3 populations, multiSFS or 3 jointSFS

brianjo...@gmail.com

unread,

Jul 23, 2014, 11:17:03 AM7/23/14

to fasts...@googlegroups.com

First of all, I love this program.
If you have more than 2 populations, there's an option to either use a multidimensional SFS or a series of joint SFS for each pairwise population comparison. Maybe I'm not understanding the likelihood calculations correctly, but what's the difference between using one or the other input format? In theory, there should be more information in the full multiSFS than in a set of pairwise SFS, and when I use the exact same populations and .tpl and .est files, but vary the input format (one 3D SFS or 3 pairwise SFS) I get different likelihood values for models I construct... and the likelihoods between the different models (different branching structures, same 3 populations) change such that the least likely model for the 3DSFS become the most likely one for the data if I use a set of 3 two-dimensional SFSs...
Thanks for any help!

Brian

brianjo...@gmail.com

unread,

Aug 4, 2014, 11:36:36 AM8/4/14

to fasts...@googlegroups.com

I figured out my problem.
I think It's misleading how the format of the 3DSFS is specified in the manual. It seems like you first cycle through variants in deme 0 (holding other demes constant, i.e. zero at first), then deme 1, then deme 2. I gathered this based on the different sample sizes in the example in the manual (page 39) and how you cycle through them. However, it's the exact opposite (first going through deme2, then deme 1, then deme 0), which I proved to myself by going into the example files that come with the program and marginalizing the 3DSFS's into 3 2DSFS's. Changing this also made all of my analyses go from making no sense to making complete sense.

Laurent Excoffier

unread,

Aug 18, 2014, 9:58:02 AM8/18/14

to fasts...@googlegroups.com

The difference in using one or the other format is in the computation of the likelihood, as explained in the PLOS Genetics paper and on p. 47 of the manual, where the likelihood for the multidimensinal SFS is computed according to equation (5) and that based on the pairwise comparisons is computed according to equation (7).
This explains why you obtain different likelihoods when using one model or the other.
I would use a multiSFS when I have up to 4 populations and use the composite pairwise likelihood when I have more populations. If you try both models, the multiSFS is generally more trustable. Note also that the pairwise likelihood cannot be used for comparing models with AIC, as the underlying theory does not apply to composite likelihoods.

Laurent Excoffier

unread,

Aug 18, 2014, 10:04:04 AM8/18/14

to fasts...@googlegroups.com

I do not clearly see how your second post relates with the previous one, but the format of the multiSFS follows that of dadi (somehow for compatibility purposes), and I agree that the reverse ordering of the poopulation labels can be misleading.

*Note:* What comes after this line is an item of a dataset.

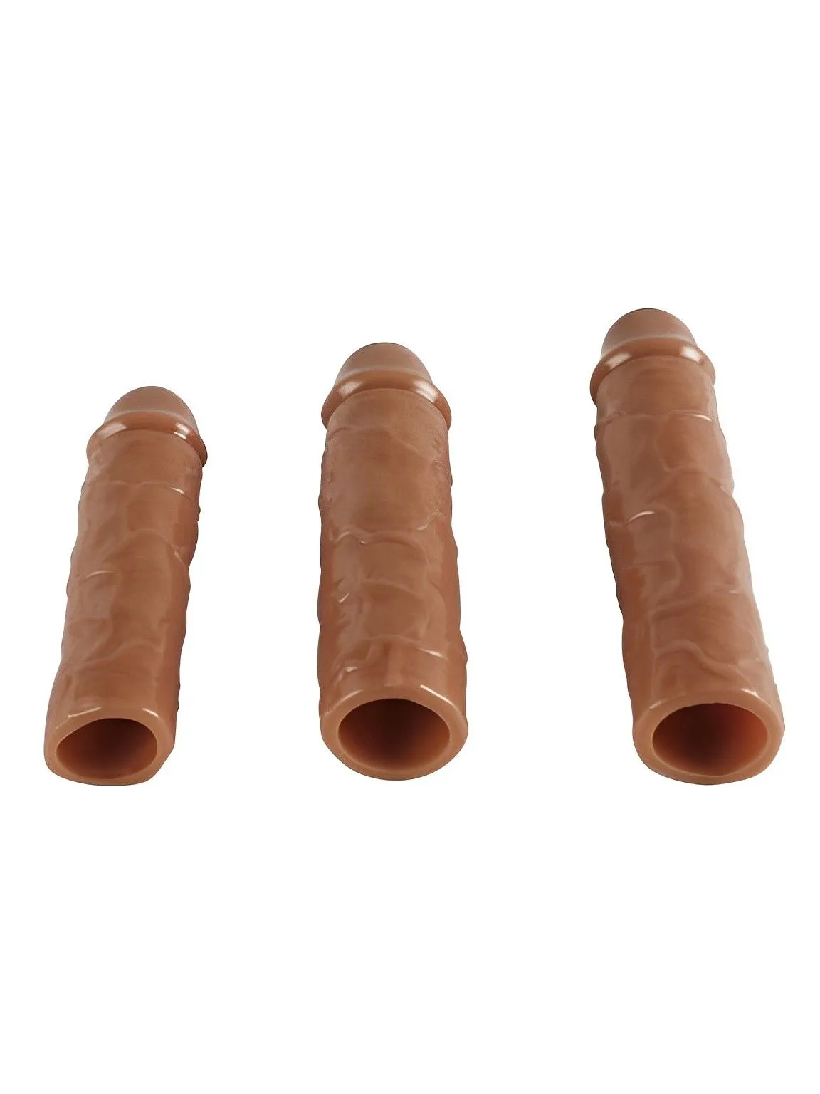 Набор насадок закрытого типа для увеличения длины и обхвата полового члена, а так же осуществления дополнительного воздействия. Насадки обладают сглаженной рельефной текстурой с ярко выраженной головкой для дополнительной более мягкой стимуляции. Они очень эластичные и хорошо растягиваются. Насадки надевается на всю длину полового члена. Для идеальной посадки лишний материал можно отрезать.
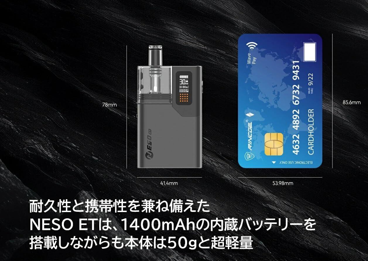 Rincoe Neso ETは、香り豊かなフレーバーを提供しつつ、口の中で広がる水蒸気のボリューム感が特長です。特別なハイテクノロジーを採用し、クリアな味わいを実現。これによって、まるで本物のシーシャを吸っているかのような満足感を得られます。

I'm glad that it now makes sense for you now :-)

Matt

unread,

Aug 5, 2016, 12:25:01 PM8/5/16

to fastsimcoal

Dear Dr. Excoffier and other users,

Given that we should not use the multiSFS for more than 4 populations, and since the pairwise SFS cannot be compared via AIC, how can we compare among models when more than 4 populations are involved?

Thanks so much!
Matt

Laurent Excoffier

unread,

Sep 22, 2016, 11:05:23 AM9/22/16

to fastsimcoal

Hi,

you could actually use multiSFS for more than 4 pops. 5 or 6 may be okay if you do not have too many individuals and enough SNPs... but if you have many pops, then the number of entries in your SFS will explode, and most of the SFS will be empty, causing problems...

With more populations, the other problem is that the number of parameters to estimate quickly grows, and becomes very large.